- [Exercise description] This exercise calls for every record to be returned exactly, with pictures removed.

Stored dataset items
BEGIN
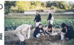
生産現場と食体験の連動
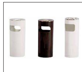
Standascher lichtgrau Upright ashtray light grey d: 25, h: 60 cm
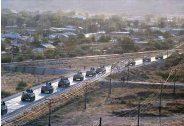
טור נגמ"שי BTR סובייטיים בדרך לאפגניסטאן, 1986. הסתגלותם של המגנאהדין לתנאי הלחימה החדשים הייתה קשה, אך הם הצליחו בכך
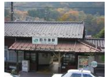
【現在の四方津駅駅舎】

【出席者】上野原市長、上野原市議会議長、上野原市教育委員会教育長、上野原警察署長、 上野原市消防本部消防長、四方津駅開設百年祭実行委員会会長 JR東日本八王子支社営業部長、上野原駅長
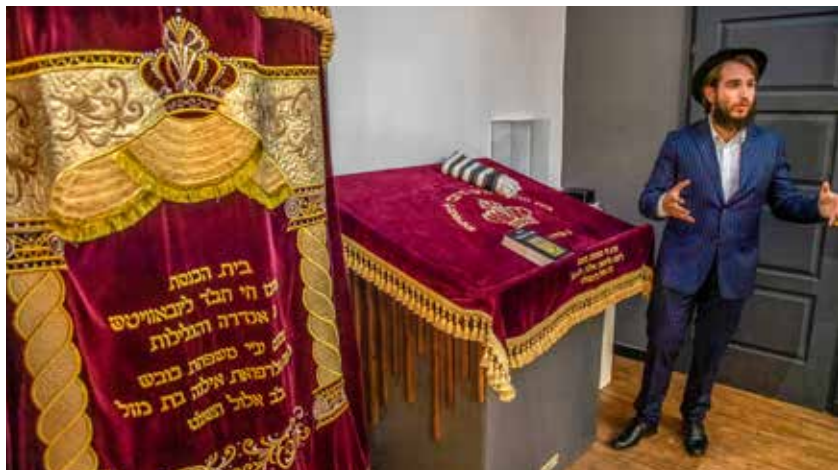
Istenről és a teremtésről szóló zsoltárokat mond a rabbi
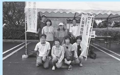
今回参加された皆さんです

令和5年7月豪雨により久留米市で被災された人を支援するため、今回の呼びかけで参加された町民8名と作業してきました。「人吉球磨が被災した時も全国から応援してもらった。今回はそのお返しになればと思い参加しました。」と、敷地内に堆積した土砂の撤去搬出や、敷地内の不燃物や可燃物の搬出など、途中夕立に見舞われず濡れの中でも1日の作業に汗を流すボランティア皆さんの笑顔が輝いていたのが、とても印象的でした。
END
- [Task solution]
生産現場と食体験の連動
Standascher lichtgrau Upright ashtray light grey d: 25, h: 60 cm
טור נגמ"שי BTR סובייטיים בדרך לאפגניסטאן, 1986. הסתגלותם של המגנאהדין לתנאי הלחימה החדשים הייתה קשה, אך הם הצליחו בכך
【現在の四方津駅駅舎】

【出席者】上野原市長、上野原市議会議長、上野原市教育委員会教育長、上野原警察署長、 上野原市消防本部消防長、四方津駅開設百年祭実行委員会会長 JR東日本八王子支社営業部長、上野原駅長
Istenről és a teremtésről szóló zsoltárokat mond a rabbi
今回参加された皆さんです

令和5年7月豪雨により久留米市で被災された人を支援するため、今回の呼びかけで参加された町民8名と作業してきました。「人吉球磨が被災した時も全国から応援してもらった。今回はそのお返しになればと思い参加しました。」と、敷地内に堆積した土砂の撤去搬出や、敷地内の不燃物や可燃物の搬出など、途中夕立に見舞われず濡れの中でも1日の作業に汗を流すボランティア皆さんの笑顔が輝いていたのが、とても印象的でした。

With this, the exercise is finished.